Problem requirements
Only the pictures stay out; every record is to be quoted exactly.

========================================================================

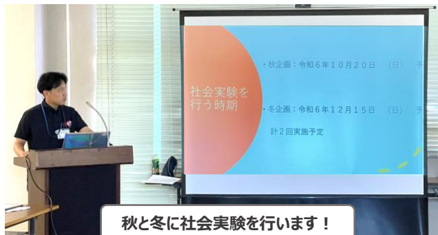
秋と冬に社会実験を行います！
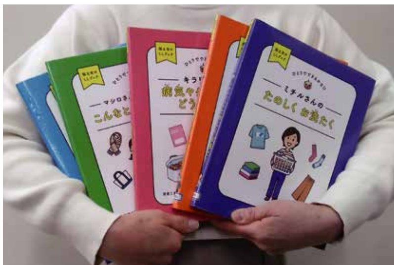
【担当】大台町人権教育研究協議会

ます。知的障がいや発達障がいのある人が、自立生活に必要なスキルを学ぶ際にも活用できると思います。百聞は一見に如かず。ぜひご覧ください。
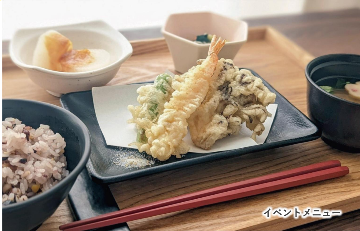
イベントメニュー
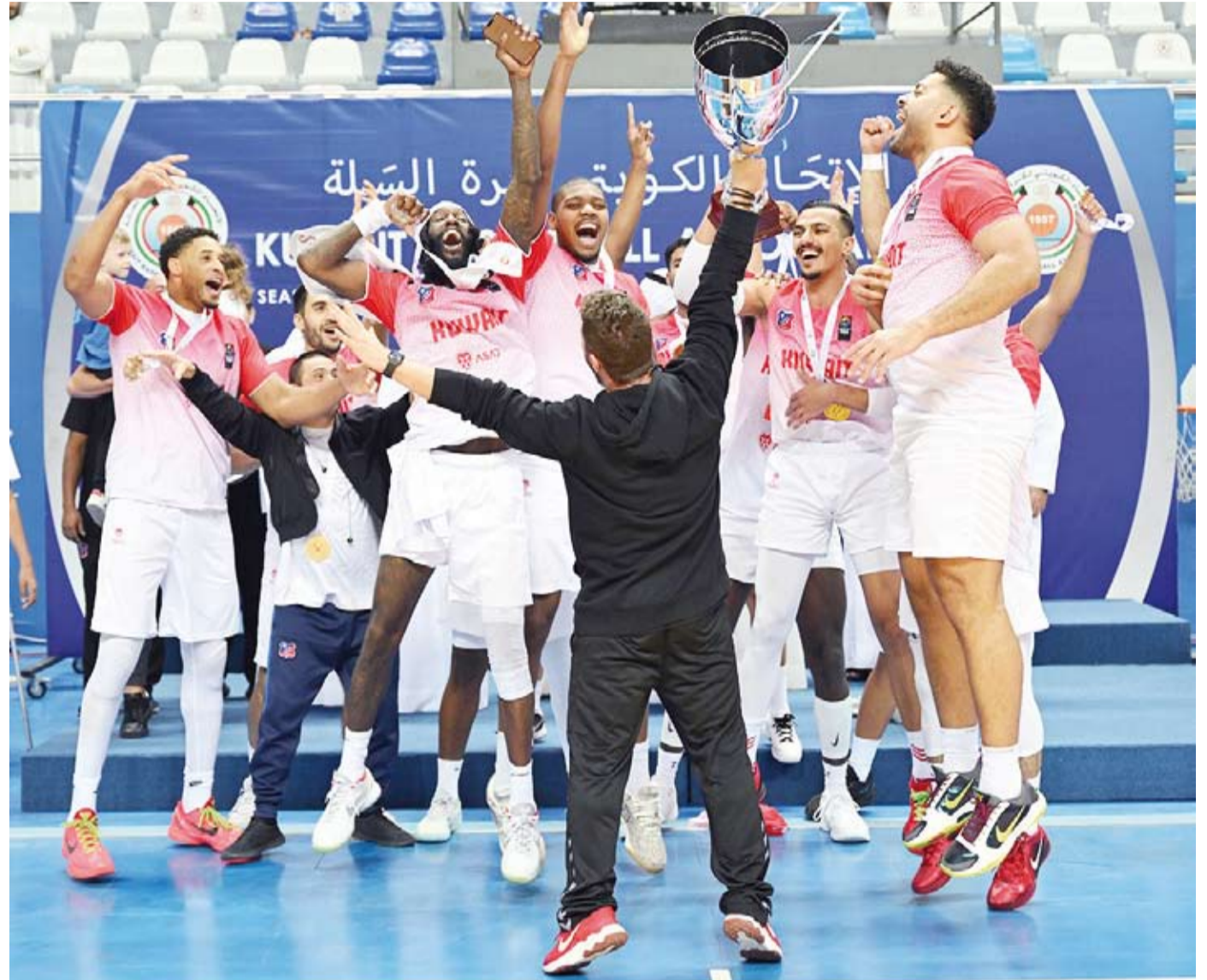
جانب من التتويج

محققاً البطولة الأولى له بالموسم المحلي. وعقب المباراة التي تعد أولى البطولات المحلية التي ينظمها الاتحاد الكويتي للعبة قام رئيس الاتحاد ضاري برجس بتتويج الفريق الفائز بحضور عدد من أعضاء مجلس إدارة الاتحاد ومسؤولي النادييين.
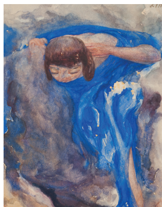
Lucie Maquet, Rêve , juillet/1914, aquarelle sur panneau en carton, 25,7 x 19,9 cm. Sammlung Prinzhorn, Heidelberg, inv. 3184
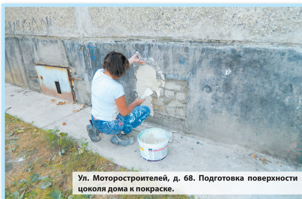
Ул. Моторостроителей, д. 68. Подготовка поверхности цоколя дома к покраске.
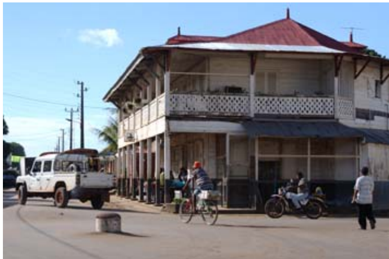
... Geschäftshaus im Kolonial-Stil im Zentrum
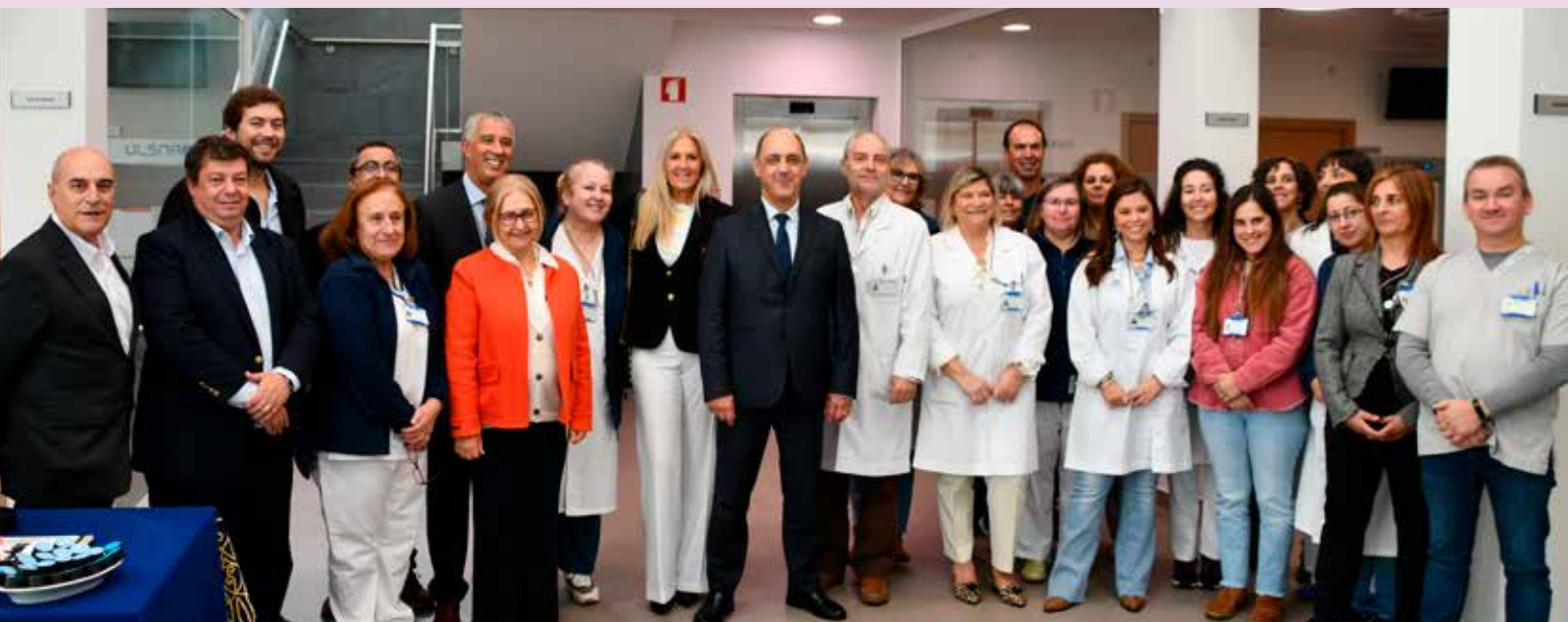
Ministro da Saúde conheceu a realidade do Centro de Saúde de Nisa

A saúde ganhou papel de destaque na política municipal, através da comparticipação em 50% dos medicamentos através do Cartão Municipal do Idoso ou, mais recentemente, com a implementação de um Seguro Municipal de Saúde gratuito para todos os munícipes com mais de 18 anos.
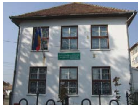
A Kézdivásárhelyi Református Kollégium
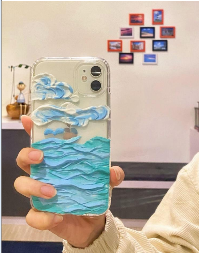
我的創作我的品味生活
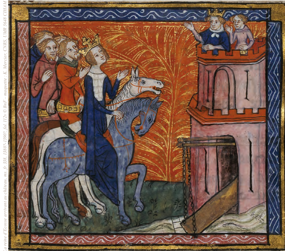
La reine d'Icosse arrivant au château, ms. fr. 338, f. 13802-13902, fol. 112v

iham Histoire Archéologie Littératures des mondes chrétiens et musulmans médiévaux UMR 5648
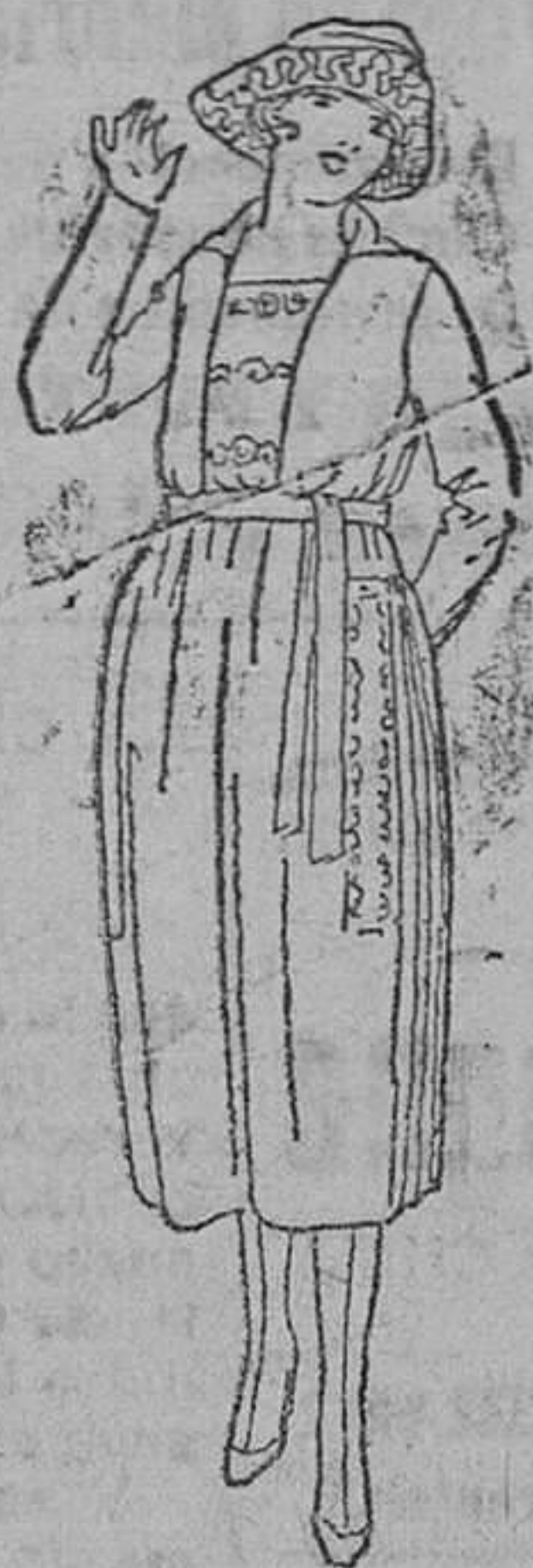
Vestidos enteros, en lana y color, á 35, 40, 45, 50 y 55 pts.

========================================================================

Reply to the task
秋と冬に社会実験を行います！
【担当】大台町人権教育研究協議会

ます。知的障がいや発達障がいのある人が、自立生活に必要なスキルを学ぶ際にも活用できると思います。百聞は一見に如かず。ぜひご覧ください。
イベントメニュー
جانب من التتويج

محققاً البطولة الأولى له بالموسم المحلي. وعقب المباراة التي تعد أولى البطولات المحلية التي ينظمها الاتحاد الكويتي للعبة قام رئيس الاتحاد ضاري برجس بتتويج الفريق الفائز بحضور عدد من أعضاء مجلس إدارة الاتحاد ومسؤولي النادييين.
Lucie Maquet, Rêve , juillet/1914, aquarelle sur panneau en carton, 25,7 x 19,9 cm. Sammlung Prinzhorn, Heidelberg, inv. 3184
Ул. Моторостроителей, д. 68. Подготовка поверхности цоколя дома к покраске.
... Geschäftshaus im Kolonial-Stil im Zentrum
Ministro da Saúde conheceu a realidade do Centro de Saúde de Nisa

A saúde ganhou papel de destaque na política municipal, através da comparticipação em 50% dos medicamentos através do Cartão Municipal do Idoso ou, mais recentemente, com a implementação de um Seguro Municipal de Saúde gratuito para todos os munícipes com mais de 18 anos.
A Kézdivásárhelyi Református Kollégium
我的創作我的品味生活
La reine d'Icosse arrivant au château, ms. fr. 338, f. 13802-13902, fol. 112v

iham Histoire Archéologie Littératures des mondes chrétiens et musulmans médiévaux UMR 5648
Vestidos enteros, en lana y color, á 35, 40, 45, 50 y 55 pts.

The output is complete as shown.